- [Activity]:
Set down precisely the lines from the line with "首页 / 视频素材 / AI视频素材(横屏) / 山水间中式古建筑风景" through the end of the material, inclusive, and no pictures.

- [Given data]:
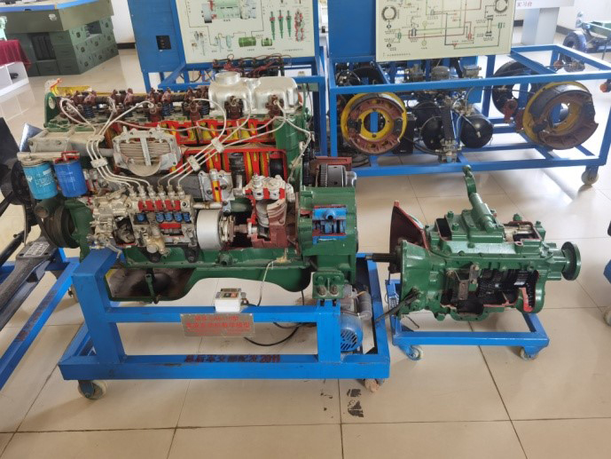 1.采用發(fā)動機實物總成進行機構切剖,充分展示發(fā)動機機部分的內外結構。
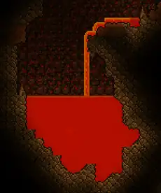 Lava is a glowing red-orange liquid found deep in the Cavern layer and throughout The Underworld, appearing instead of water at depths below approximately 950 feet (475 tiles) in a small world, 1,450 feet (725 tiles) in a medium world, or 1,950 feet (975 tiles) in a large world (on average).[1] Tiny pools can frequently be found on the outskirts of the Underground Desert(Desktop, Console and Mobile versions) as well, even as high as 200 feet below the surface.
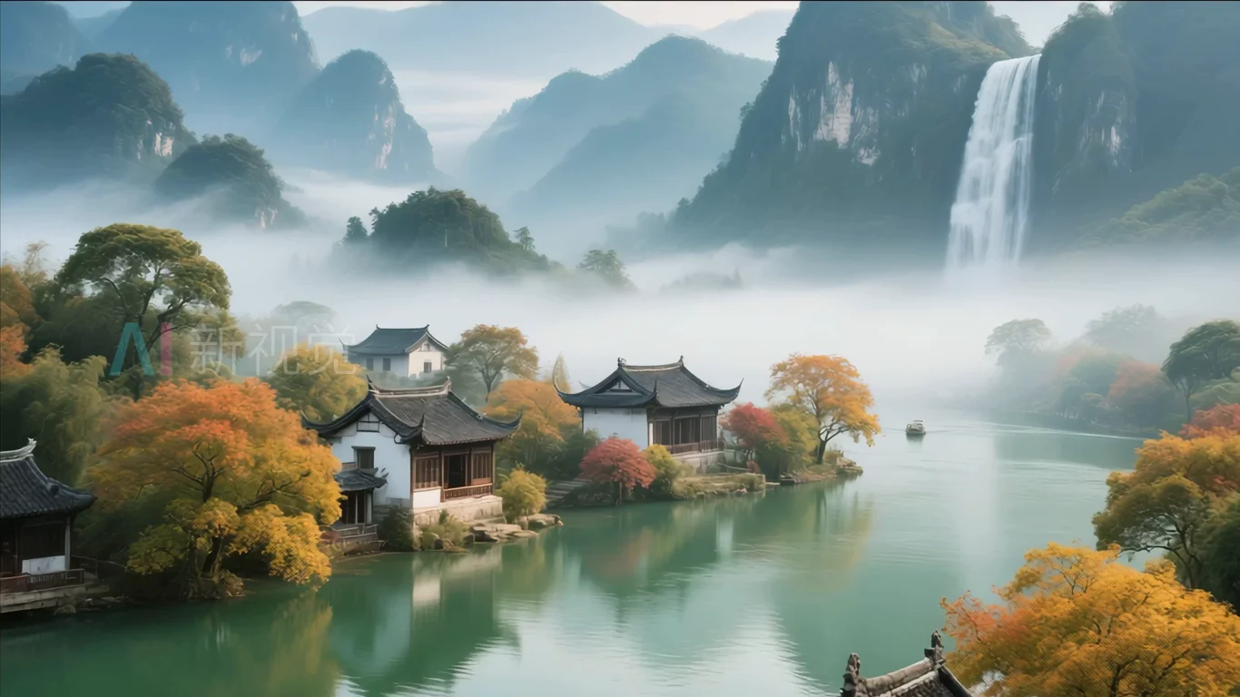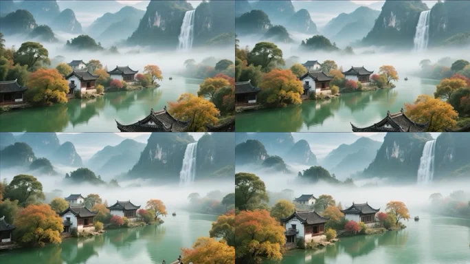 首页 / 视频素材 / AI视频素材(横屏) / 山水间中式古建筑风景
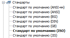 . В обозревателе стандартный список отображает все стандарты, доступные в библиотеке стилей. Стандарт по умолчанию (ISO ) отмечен жирным шрифтом, означающий, что стандарт активен в чертеже в данный момент.
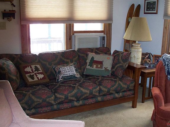 Most furnishings stay!! Except some personal items in the cabin , 24 foot pontoon, dock with lift and jet ski lift all stay. Lots of decking. Covered deck at top for cookouts. Awesome view! Short walk to the dock. Lowe pontoon stays!

- [Exercise result]:
 首页 / 视频素材 / AI视频素材(横屏) / 山水间中式古建筑风景
 . В обозревателе стандартный список отображает все стандарты, доступные в библиотеке стилей. Стандарт по умолчанию (ISO ) отмечен жирным шрифтом, означающий, что стандарт активен в чертеже в данный момент.
 Most furnishings stay!! Except some personal items in the cabin , 24 foot pontoon, dock with lift and jet ski lift all stay. Lots of decking. Covered deck at top for cookouts. Awesome view! Short walk to the dock. Lowe pontoon stays!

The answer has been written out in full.